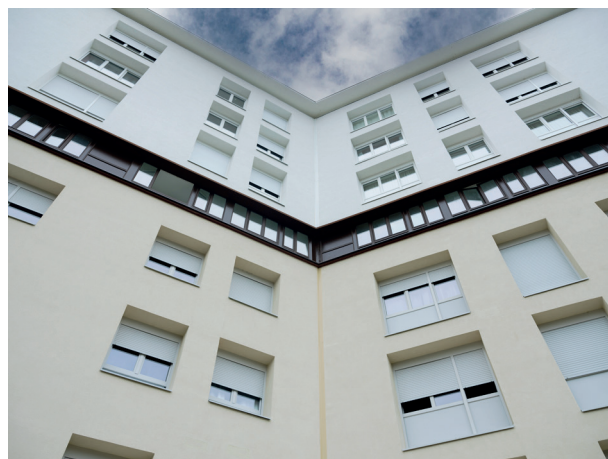
La réhabilitation du Vivarais
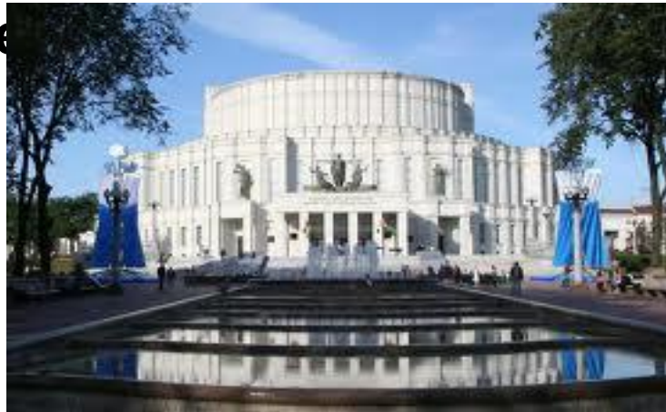
Минский театр оперы и балета
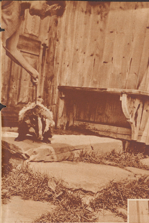
Der Dachs ist sonst ein scheues Tier, das man nicht in Gefangenschaft halten kann. Dennoch leistete uns ein zugelaufener Dachs einige Zeit als zutraulicher Feriengast im Appenzellerland Gesellschaft.
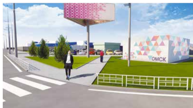
Так по задумке архитекторов, будет выглядеть благоустроенная территория по ул. 70 лет Октября
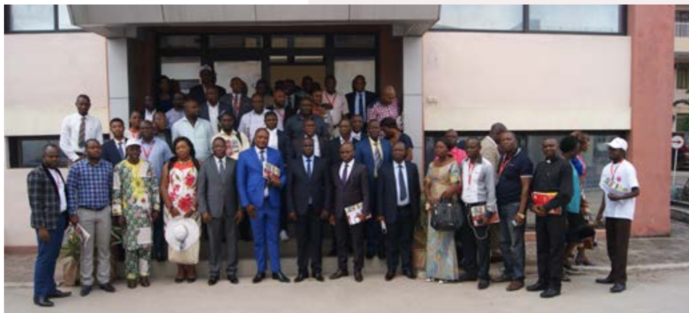
Quelques participants à la présentation du Rapport annuel 2017 de la Caritas Congo Asbl

Pour accomplir sa mission, le Réseau Caritas Congo Asbl possède de biens nombreux (bureaux, meubles, centres d'accueil, fermes agricoles, charroi automobile, mini-barrages, usines et équipements divers), même dans les coins les plus reculés du pays.
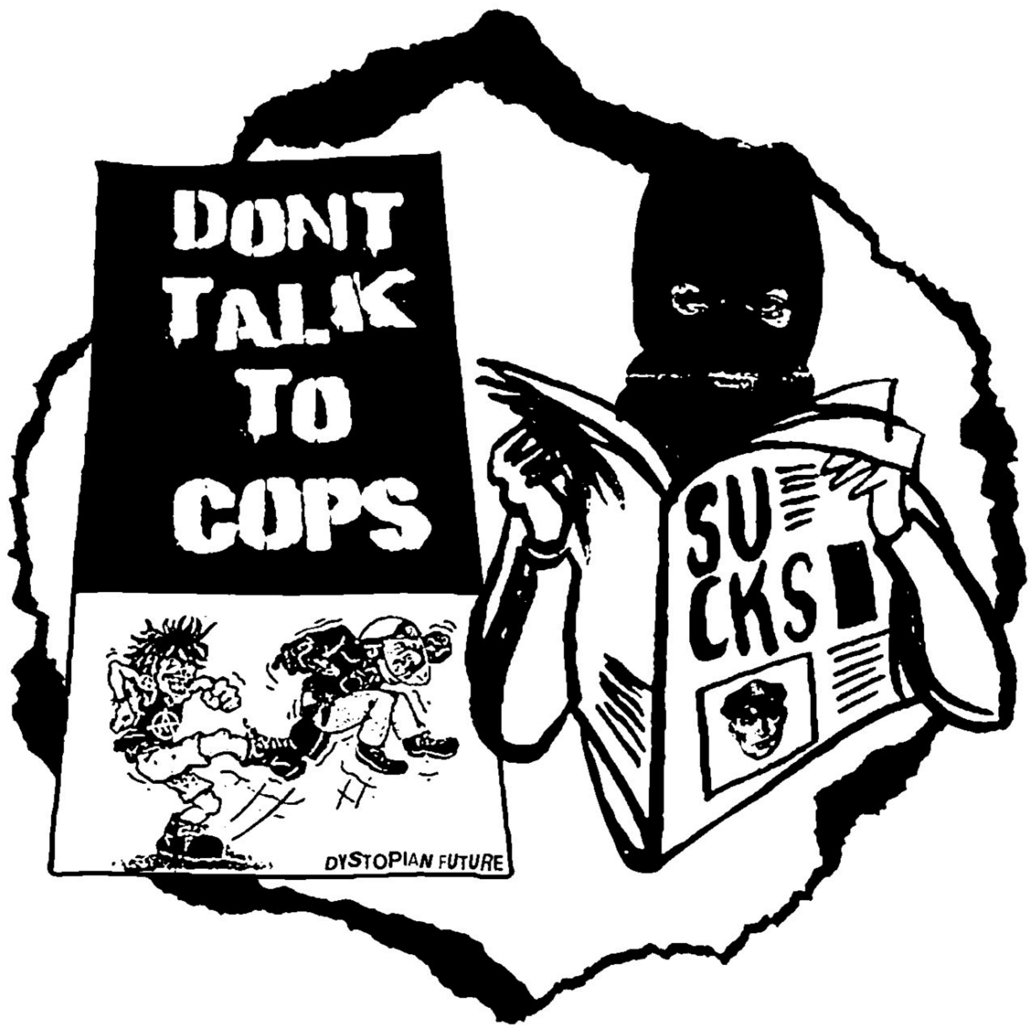
ARTWORK DYSTOPIAN FUTURE

Exercise prompt: With the pictures dropped, give every entry above again exactly.

Solution for this exercise:
La réhabilitation du Vivarais
Минский театр оперы и балета
Der Dachs ist sonst ein scheues Tier, das man nicht in Gefangenschaft halten kann. Dennoch leistete uns ein zugelaufener Dachs einige Zeit als zutraulicher Feriengast im Appenzellerland Gesellschaft.
Так по задумке архитекторов, будет выглядеть благоустроенная территория по ул. 70 лет Октября
Quelques participants à la présentation du Rapport annuel 2017 de la Caritas Congo Asbl

Pour accomplir sa mission, le Réseau Caritas Congo Asbl possède de biens nombreux (bureaux, meubles, centres d'accueil, fermes agricoles, charroi automobile, mini-barrages, usines et équipements divers), même dans les coins les plus reculés du pays.
ARTWORK DYSTOPIAN FUTURE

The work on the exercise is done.